She has had depression (2) since childhood. It has increased since she had a child six years ago. She never feels happy and is always somewhat depressed. The depression is worse if she goes without sex for a while.

She has difficulty relating to people, particularly to men and groups. "I'll walk into a room and not know what to do."

She tends to be spacy and has trouble staying awake during the day (3). She falls asleep in meetings (3) and feels like "I'm not in my body. I'm up in space somewhere." These symptoms are worse from exposure to fluorescent light (2), gas furnaces or stoves (2), and car exhaust.

She complains of being addicted to sexual relationships with men (3). "I always end relationships because I'm bored. I just want the sex. I'm either bored or feel trapped, so I leave." She gets high from sex and feels deprived when she doesn't have it, so she seeks out new partners. She enjoys sex but doesn't know what to say to her partners afterwards. She feels she can't talk to men. She has four or five sexual encounters each week, with different men.

She is an artistic person and would like to paint, "...but I stop my creativity."

She moved to Minnesota to get away from her mother. "She is so powerful and critical of me. She is always talking. I can't get a word in." She is angry (3) at her mother.

Her energy is okay, but she has trouble falling asleep at night (2). It is impossible for her to sleep on the right side (3). She often wakes too early in the morning (1).

Her hips ache in bed in the winter.

She is angry often (3), and is always angry at her mother. She gets hysterically angry (3) when dealing with her son's father, because "He's not interested in him."

She had an abortion eight years ago and was devastated by it, so she decided to get pregnant again and have a child. She had a short affair with a man she knew in order to conceive her son. She loves her son but dislikes children (2) in general. "It's an effort to spend time with them."

She used to be a nurse but hated working with people physically. "I was disgusted by it all" (2).

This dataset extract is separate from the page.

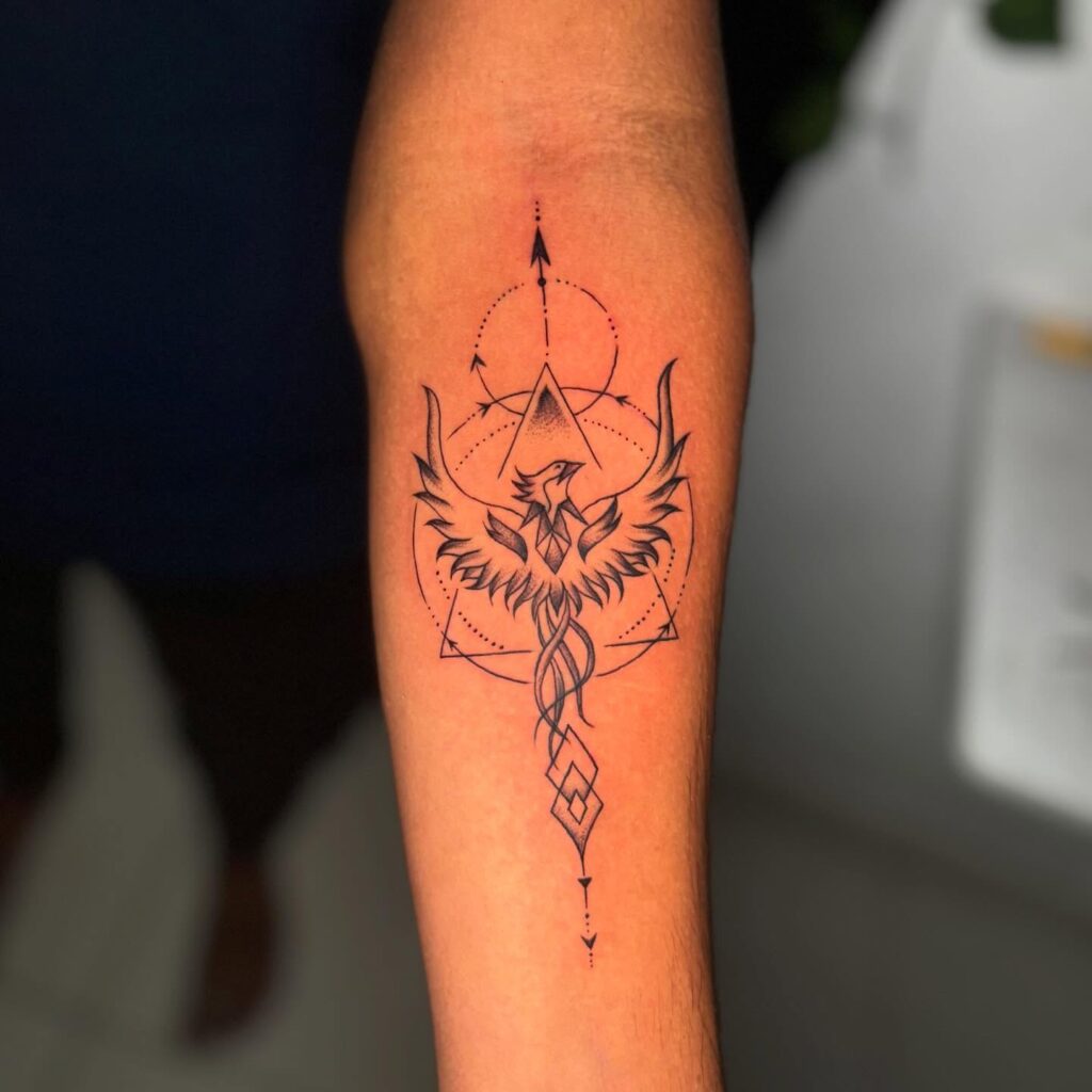 A phoenix rising from stylised flames, both bird and fire rendered in sharp angular geometry. The phoenix carries the most direct symbolism available: death, rebirth, transformation. The geometric style makes that statement with force rather than sentiment.

Fears talking in a group (3).

Fears men (3). "I don't know what they'll do to me."

Fears crowded spaces (2).

Her eyes are dry (3) constantly; nothing helps.

Her mouth is dry (2); drinking doesn't help.

She faints a couple of times a year, in crowded, warm rooms.

She was anorexic until a few years ago when she started getting hypoglycemic. Now she has to eat frequently, but eats as little as possible.

Gets autumn hay fever (2), with sneezing (1), itchy, dry eyes (2), and fatigue (3).

She is thirstless, except premenstrually (2). Also is tired (2) premenstrually. She has a three-day flow with no cramps.

Desires salt (2).

Feels warm.

Assessment: Depressed woman with sexual compulsiveness, sleepiness, spaciness, and hay fever.

Ken Luby: She tends to be spacy, and she has trouble staying awake during the day, falls asleep in meetings, and feels "...like I'm not in my body. I'm up in space somewhere." When I read that in light of the general sexual addiction, the first remedy that came to mind for me was Lac caninum. Looking in Boericke, I found the remedy listed for attacks of rage, sexual organs easily excited, and right-sided sciatica. The sciatica may relate to her not being able to sleep on the right side. Boericke also describes great lassitude and a sensation as if walking or floating on air.

Ohanian: Good idea.

Judyth Reichenberg-Ullman: I looked at all the remedies I usually think of for high sexual desire, and they didn't seem to fit. So, I thought of Opium, because of the strong sleepiness, the dryness of the eyes underlined three times, and increased sexual desire for women (listed in italics under Opium).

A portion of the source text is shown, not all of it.